You are right, we want to be conservative here, So PAGE_ALIGN is fine
for end, but for start we need "& PAGE_MASK".


 
> > > +            end = PAGE_ALIGN(addr + size);
> > > +            res = rangeset_remove_range(mem_holes, start, end - 1);
> > > +            if ( res )
> > > +            {
> > > +                printk(XENLOG_ERR "Failed to remove:
> > > %#"PRIx64"->%#"PRIx64"\n",
> > > +                       start, end);
> > > +                goto out;
> > > +            }
> > > +        }
> > > +
> > > +        if ( dt_device_type_is_equal(np, "pci" ) )
> > > +        {
> > > +            unsigned int range_size, nr_ranges;
> > > +            int na, ns, pna;
> > > +            const __be32 *ranges;
> > > +            u32 len;
> > > +
> > > +            /*
> > > +             * Looking for non-empty ranges property which in the context
> > > +             * of the PCI host bridge device node describes the BARs for
> > > +             * the PCI devices.
> > I'd say that "it describes the PCI host bridge aperture"
> 
> ok, will update
> 
> 
> > 
> > 
> > > +             */
> > > +            ranges = dt_get_property(np, "ranges", &len);
> > > +            if ( !ranges || !len )

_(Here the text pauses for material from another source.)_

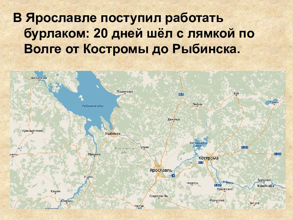В Ярославле поступил работать бурлаком: 20 дней шёл с лямкой по Волге от Костромы до Рыбинска.

> > > +                continue;
> > > +
> > > +            pna = dt_n_addr_cells(np);
> > > +            na = dt_child_n_addr_cells(np);
> > > +            ns = dt_child_n_size_cells(np);
> > > +
> > > +            range_size = pna + na + ns;
> > > +
> > > +            nr_ranges = len / sizeof(__be32) / range_size;
> > > +
> > > +            for ( i = 0; i < nr_ranges; i++, ranges += range_size )
> > > +            {
> > > +                /* Skip the child address and get the parent (CPU)
> > > address */
> > > +                addr = dt_read_number(ranges + na, pna);
> > > +
> > > +                size = dt_read_number(ranges + na + pna, ns);
> > Parsing the PCI ranges property is never intuitive, but everything
> > checks out as far as I can tell
> > 
> > 
> > > +                start = addr & PAGE_MASK;
> > PAGE_ALIGN(start)
> 
> same here
> 
> 
> > 
> > 
> > > +                end = PAGE_ALIGN(addr + size);
> > > +                res = rangeset_remove_range(mem_holes, start, end - 1);
> > > +                if ( res )
> > > +                {
> > > +                    printk(XENLOG_ERR "Failed to remove:
> > > %#"PRIx64"->%#"PRIx64"\n",
> > > +                           start, end);
> > > +                    goto out;
> > > +                }
> > > +            }
> > > +        }
> > > +    }
> > > +
> > > +    start = 0;
> > > +    end = (1ULL << p2m_ipa_bits) - 1;
> > > +    res = rangeset_report_ranges(mem_holes, start, end,
> > > +                                 add_ext_regions,  ext_regions);
> > > +    if ( res )
> > > +        ext_regions->nr_banks = 0;
> > > +    else if ( !ext_regions->nr_banks )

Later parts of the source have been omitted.